Concentrations of IL-1β, IL-6, IL-7, IL-8, IL-10, IL-13, interferon-γ, MCP-1 and tumour necrosis factor-α were significantly higher in septic shock patients than in those with severe sepsis. Cytokine concentrations were associated with severity and evolution of organ dysfunction. With regard to the severity of organ dysfunction on day 1, IL-8 and MCP-1 exhibited the best correlation with Sequential Organ Failure Assessment score. In addition, IL-6, IL-8 and G-CSF concentrations during the first 24 hours were predictive of worsening organ dysfunction or failure of organ dysfunction to improve on day three. In terms of predicting mortality, the cytokines IL-1β, IL-4, IL-6, IL-8, MCP-1 and G-CSF had good accuracy for predicting early mortality (< 48 hours), and IL-8 and MCP-1 had the best accuracy for predicting mortality at 28 days.

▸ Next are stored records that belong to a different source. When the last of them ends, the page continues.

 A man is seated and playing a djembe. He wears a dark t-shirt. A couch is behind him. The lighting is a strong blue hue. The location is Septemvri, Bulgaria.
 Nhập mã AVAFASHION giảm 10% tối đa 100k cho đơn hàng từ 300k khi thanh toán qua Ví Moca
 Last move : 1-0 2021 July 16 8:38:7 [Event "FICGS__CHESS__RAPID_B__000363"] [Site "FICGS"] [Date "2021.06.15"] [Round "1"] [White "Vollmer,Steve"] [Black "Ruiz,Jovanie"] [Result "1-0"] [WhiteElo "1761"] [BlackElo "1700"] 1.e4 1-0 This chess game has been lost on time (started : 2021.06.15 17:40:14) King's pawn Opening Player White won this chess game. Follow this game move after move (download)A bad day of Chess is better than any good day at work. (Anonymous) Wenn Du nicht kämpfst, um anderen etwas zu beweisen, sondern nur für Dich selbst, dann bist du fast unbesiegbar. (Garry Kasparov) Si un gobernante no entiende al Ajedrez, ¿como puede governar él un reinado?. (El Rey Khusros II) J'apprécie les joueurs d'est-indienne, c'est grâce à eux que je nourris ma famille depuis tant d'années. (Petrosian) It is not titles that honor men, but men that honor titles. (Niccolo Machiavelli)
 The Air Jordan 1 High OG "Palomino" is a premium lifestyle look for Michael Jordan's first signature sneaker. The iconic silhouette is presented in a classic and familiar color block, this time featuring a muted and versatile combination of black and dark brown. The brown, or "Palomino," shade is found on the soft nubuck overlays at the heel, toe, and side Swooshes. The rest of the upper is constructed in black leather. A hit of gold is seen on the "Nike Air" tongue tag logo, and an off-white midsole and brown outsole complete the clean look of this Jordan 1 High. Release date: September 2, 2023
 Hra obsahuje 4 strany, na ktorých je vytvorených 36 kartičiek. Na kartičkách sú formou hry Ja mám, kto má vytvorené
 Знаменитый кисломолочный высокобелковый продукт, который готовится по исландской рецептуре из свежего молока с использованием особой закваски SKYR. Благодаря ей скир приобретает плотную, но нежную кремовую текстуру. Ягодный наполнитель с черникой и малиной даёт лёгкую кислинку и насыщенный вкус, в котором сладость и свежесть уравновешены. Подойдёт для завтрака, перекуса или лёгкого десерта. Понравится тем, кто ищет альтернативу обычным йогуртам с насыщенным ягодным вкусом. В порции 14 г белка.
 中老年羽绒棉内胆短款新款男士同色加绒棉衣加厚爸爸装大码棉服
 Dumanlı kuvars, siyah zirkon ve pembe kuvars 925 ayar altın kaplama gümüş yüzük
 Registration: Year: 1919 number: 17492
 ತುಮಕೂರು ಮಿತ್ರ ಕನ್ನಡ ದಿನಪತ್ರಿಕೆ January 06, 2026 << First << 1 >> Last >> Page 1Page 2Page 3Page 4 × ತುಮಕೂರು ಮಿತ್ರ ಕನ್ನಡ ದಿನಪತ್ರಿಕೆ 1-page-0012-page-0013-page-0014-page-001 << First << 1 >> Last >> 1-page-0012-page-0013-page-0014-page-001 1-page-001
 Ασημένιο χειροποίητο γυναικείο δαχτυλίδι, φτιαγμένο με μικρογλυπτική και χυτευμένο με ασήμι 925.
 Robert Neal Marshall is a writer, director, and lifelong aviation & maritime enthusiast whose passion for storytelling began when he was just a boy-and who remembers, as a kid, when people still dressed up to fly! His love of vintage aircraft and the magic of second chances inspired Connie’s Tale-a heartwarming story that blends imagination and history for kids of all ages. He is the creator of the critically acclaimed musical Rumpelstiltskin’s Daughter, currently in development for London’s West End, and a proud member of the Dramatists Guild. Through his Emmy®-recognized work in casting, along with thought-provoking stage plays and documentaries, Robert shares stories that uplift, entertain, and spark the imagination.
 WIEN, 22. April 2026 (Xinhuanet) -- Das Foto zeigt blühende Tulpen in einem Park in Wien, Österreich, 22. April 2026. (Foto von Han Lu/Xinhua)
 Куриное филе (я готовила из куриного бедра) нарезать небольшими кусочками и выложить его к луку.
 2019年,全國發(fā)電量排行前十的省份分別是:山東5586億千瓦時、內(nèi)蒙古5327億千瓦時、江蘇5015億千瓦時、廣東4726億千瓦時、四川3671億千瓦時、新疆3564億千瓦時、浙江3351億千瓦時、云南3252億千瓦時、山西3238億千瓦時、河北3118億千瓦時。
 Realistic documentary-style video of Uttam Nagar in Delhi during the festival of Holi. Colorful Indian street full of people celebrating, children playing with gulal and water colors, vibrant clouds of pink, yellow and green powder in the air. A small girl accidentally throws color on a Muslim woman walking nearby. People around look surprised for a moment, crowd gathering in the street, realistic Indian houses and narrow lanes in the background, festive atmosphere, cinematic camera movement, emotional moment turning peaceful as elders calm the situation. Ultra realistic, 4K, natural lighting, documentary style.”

In multivariate analysis, only MCP-1 was independently associated with prognosis.

Conclusion

In this exploratory analysis we demonstrated that use of a multiple cytokine assay platform allowed identification of distinct cytokine profiles associated with sepsis severity, evolution of organ failure and death.